My Current Nginx configuration is:
# Referrers - 201603
if ($http_referer ~* (((darodar|priceg|buttons-for(-your)?-website|makemoneyonline|blackhatworth|hulfingtonpost|o-o-6-o-o|(social|(simple|free)?-share)-buttons|
best-seo-(solution|offer)|googlsucks|bestwebsitesawards).com)|(semalt.*)|((econom.co|ilovevitaly.(co(m)?|ru)|(humanorightswatch|guardlink|smailik|webmasters|nti
crawler).org)|(Get-Free-Traffic-Now|alivematrix|event-tracking|(100dollars|success)-seo|videos-for-your-business|keywords.*success|free-video-too
l).com)|(youporn-forum)) ) {
return 444;
}
Extended thoughts
This should be enough to go out and start working on your new script application to programmatic update your clients’ Google Analytics accounts, with a Hostname Filter. Which, Inserts a new filter; Links the new filter to the correct view; Updates the old filter to the new view’s url.
For any SEO company, this is a highly manageable solution compared to what I talked about in Part 1. Google Analytics only allows 500 writes per account per 24 hours. If you have 200 accounts that you manage Google Analytics for, keeping an up to date “Filter list” of websites to block is time consuming, impractical, and an unacceptable overhead for a business.
Other sites have a huge list of filters and currently with sweet regex skills the ~600 domains that have been crowd sourced compress down to 8-10 filters. As each filter has a text limit of 256 characters. Using a smaller list myself of only sites that I’ve seen I managed to compress it down to 3 filters. If we multiply the 3 filters across all our accounts in the business… Well its #mathtime
- Creating, (or Updating) a filter for each view acts as one write (3*200)
- Linking a filter for each account acts as one write. (3*200)
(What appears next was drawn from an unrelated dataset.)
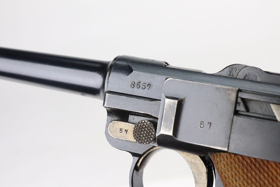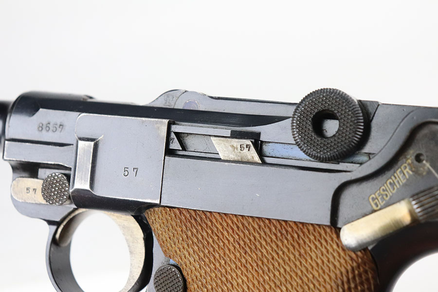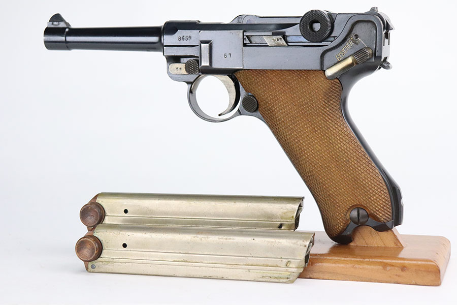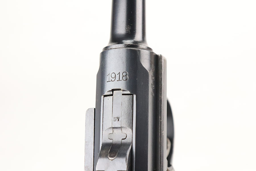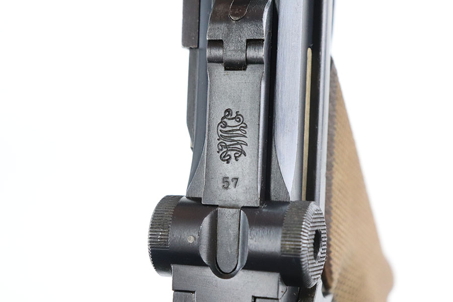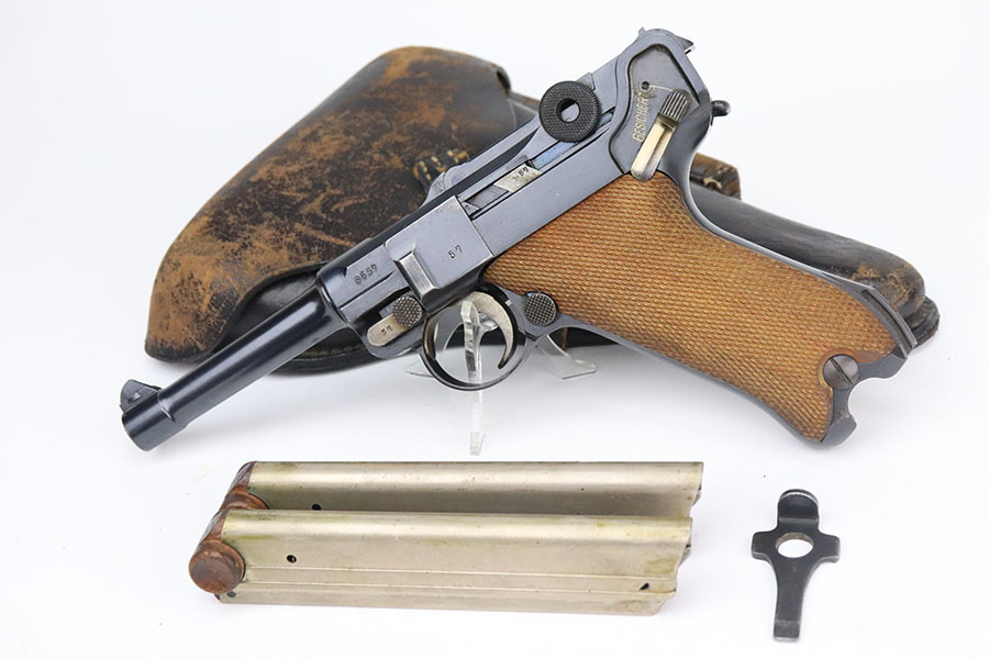 7/21/21 – This is a gorgeous 1918 military DWM Luger rig with both of its original, matching magazines. The pistol is fully matching throughout, including the grips. It has 97-98% of the original blue remaining with just a bit of bluing loss on the ears of the receiver and the sideplate. Minty bore and grips. Just one of the nicest examples you’ll see with both numbered mags still remaining. The rig is completed with an unmarked tool and a 1916 dated holster which is fairly worn throughout.

Just like that, if I had done some math before part 1, I would have known it was impracticable. We have at least 600 writes whenever we want to update our default filters. I hear you saying, but only update the filter that has changed, instead of updating all 3. That’s still 200 writes, assuming you have 200 views. It then takes 24 to 48 hours to update all filters. I have not counted the latest numbers but its easily above 600 ‘view properties’.
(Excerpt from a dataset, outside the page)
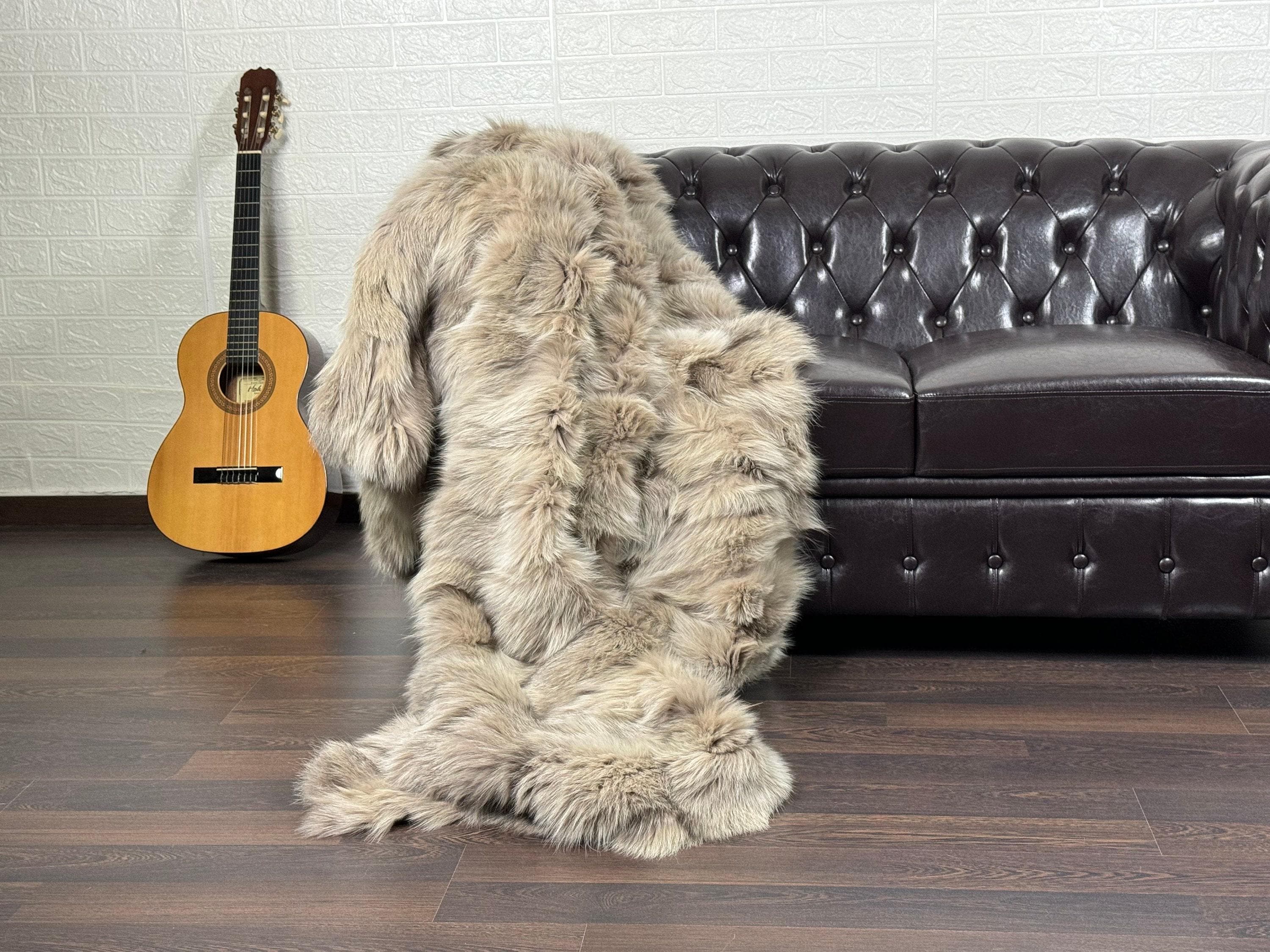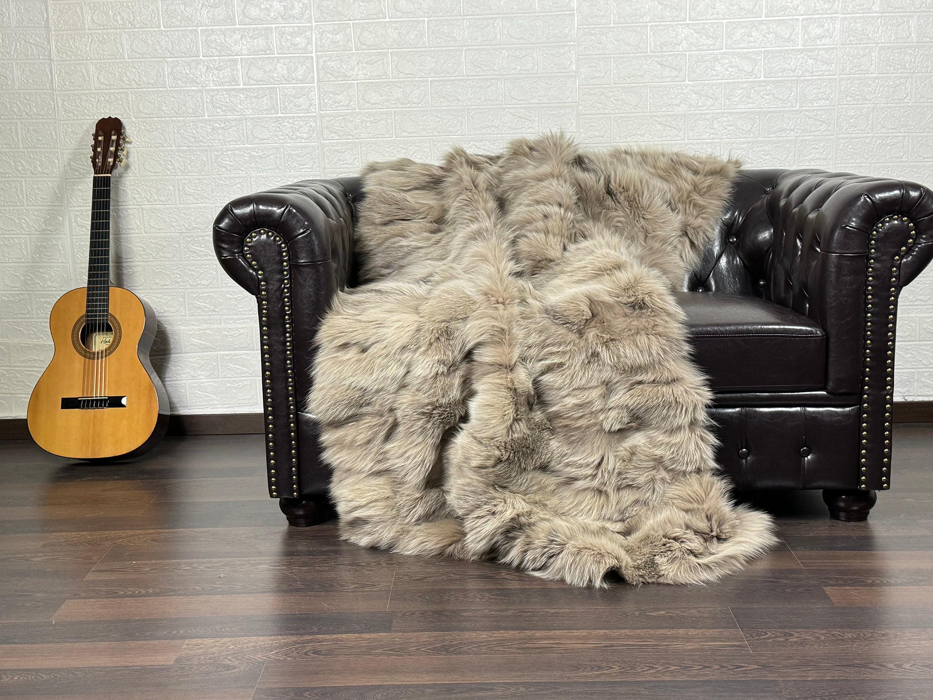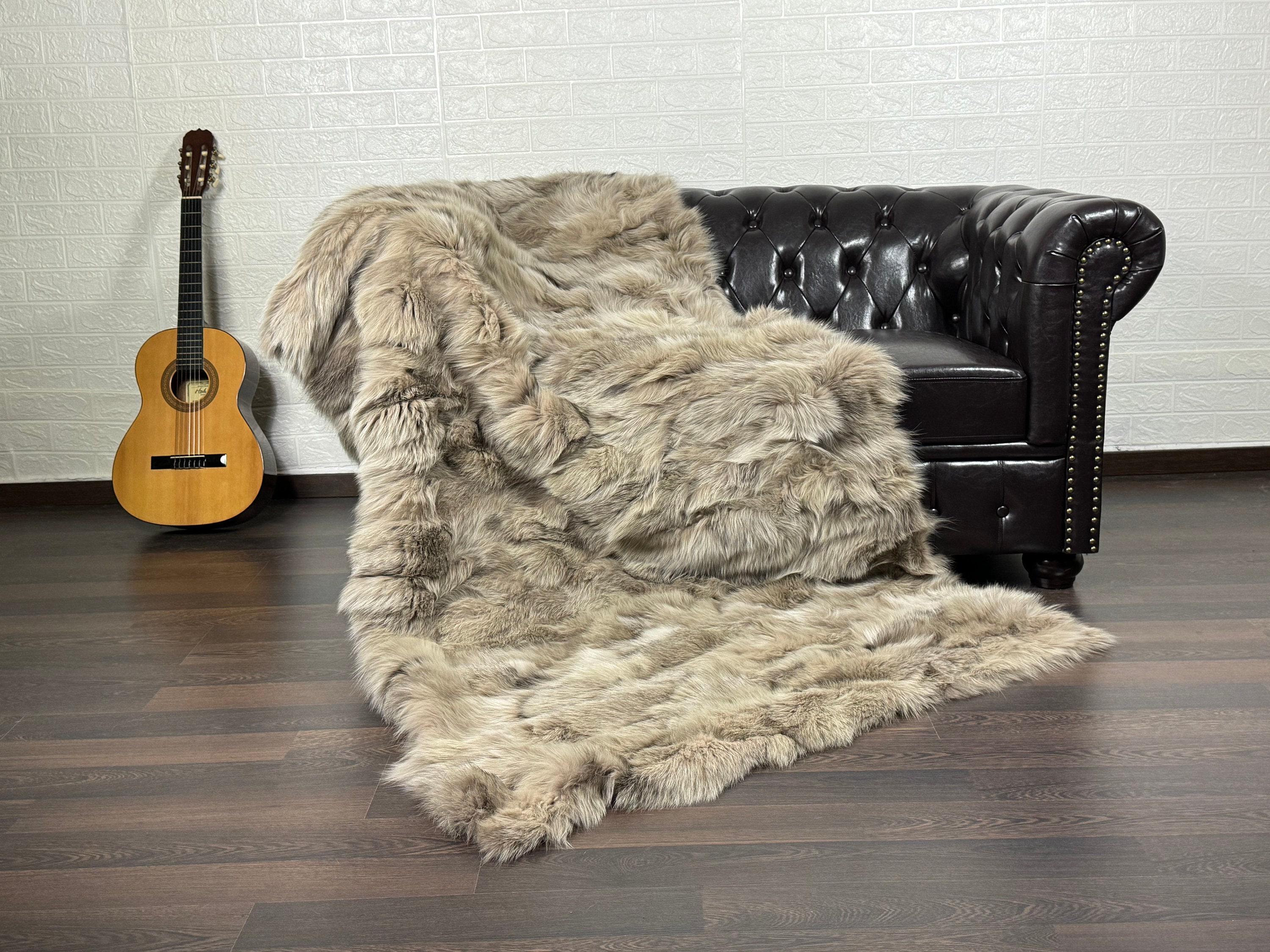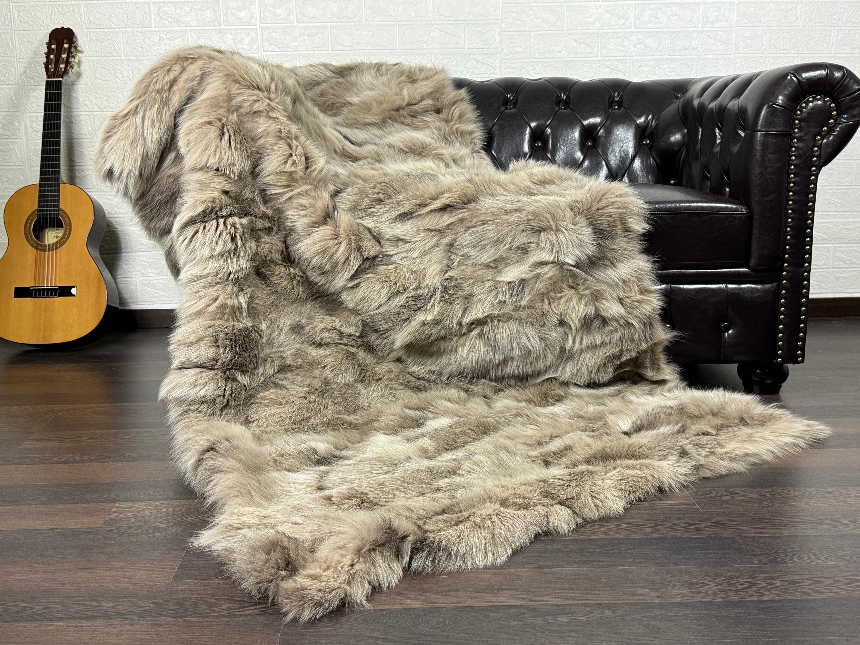 Lovingly crafted by hand, this silver real fox fur blanket throw was created with chilly days in mind.

Without the hostname filter, when we noticed a new spammer it’s usually already too late. The spammer will have already populated across many many accounts. Polluting real data, and increasing the workload of SEO technicians.
Having NGINX/IIS/Apache block all referrers that are actual scrapers requires less effort and the resolution time is instant. Being a simple configuration change that can be rolled out across our infrastructure instantaneously is leagues better than having a 48 to 72 hour turn around for previous referrer spam blocking.
If you have any ideas, thoughts, or if it has helped you in making a hostname creator, feel free to leave me a comment. It’s always great to here other success stories, especially others who are in the SEO industry.